Storms brews in the Pacific
A typhoon and a hurricane are developing in the western and eastern Pacific Ocean respectively.
Last Modified: 15 Jun 2012 10:08

                                                                    Stromy waters will confront the famous cliff divers of Acapulco [Getty Images]

The Pacific Ocean is currently home to the two most significant storm systems on the planet  - although they are separated by a distance of almost 14,000 kilometres.

In the eastern Pacific, Tropical Storm Carlotta was expected to be upgraded to a Category 1 hurricane.  Carlotta is the third named system of the 2012 season, after Arletta and Bud.
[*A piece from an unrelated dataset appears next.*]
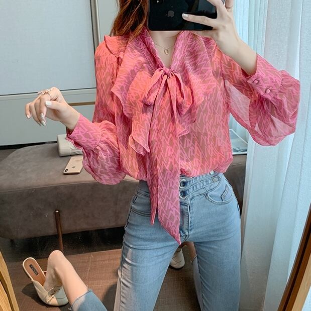シャツ レディース 女性用 シフォン Vネック ルーズ ロングスリーブ ポリエステル シースルー リボン かわいい カジュアル 大人可愛い きれいめ 上品 こなれ感 アジアン レトロ モダン ガーリー キュート ラブリー エレガント フォーマル 存在感 個性的 韓国系 10代 20代 30代 オフィス OL 通勤 通学 学生 休日 お出かけ 女子会 謝恩会 母の日 誕生日 カフェ アウトドア 旅行 お泊まり イベント パーティー 就活 お散歩 公園デビュー トレンド 普段使い 着回し 定番 ゆったり

She was centred approximately 750 kilometres southeast of the Mexican holiday resort of Acapulco at 0000 GMT on Friday.

It is expected that this system will remain just offshore but winds will strengthen to reach a peak mean speed of 150kph with gusts of 185kph around 12 GMT on Saturday.

A hurricane warning extends along the coast from the western Gulf of Tehuantepec to Acapulco.

Rainfall is expected to be a major concern with the possibility of up to 150mm along parts of the coastal plain. This is an area which is no stranger to landslides following heavy rain.

In June last year, three people died after Hurricane Beatriz hit the city and thousands of tourists took refuge in hotel basements as trees were uprooted and roads submerged.

At the same time, on the other side of the Pacific, Typhoon Guchol is approximately 600 kilometres east of the Philippines. The wind strength is already in excess of 170kph with gusts of 200kph. As Guchol passes to the east of the northern tip of Luzon at 0600 GMT on Saturday, winds are expected to peak at 200kph with gusts of 250kph.

The heaviest of the rainfall, like the winds, will remain to the east of the country but the outer rainbands will enhance rainfall across the country to give a wet and windy few days.

There is great uncertainty as to the track that Guchol will take as it moves northwards, away from the Philippines. It could certainly bring yet more heavy rain to Taiwan before either hitting the coastal regions surrounding the Yellow Sea, or turning right and crossing Japan.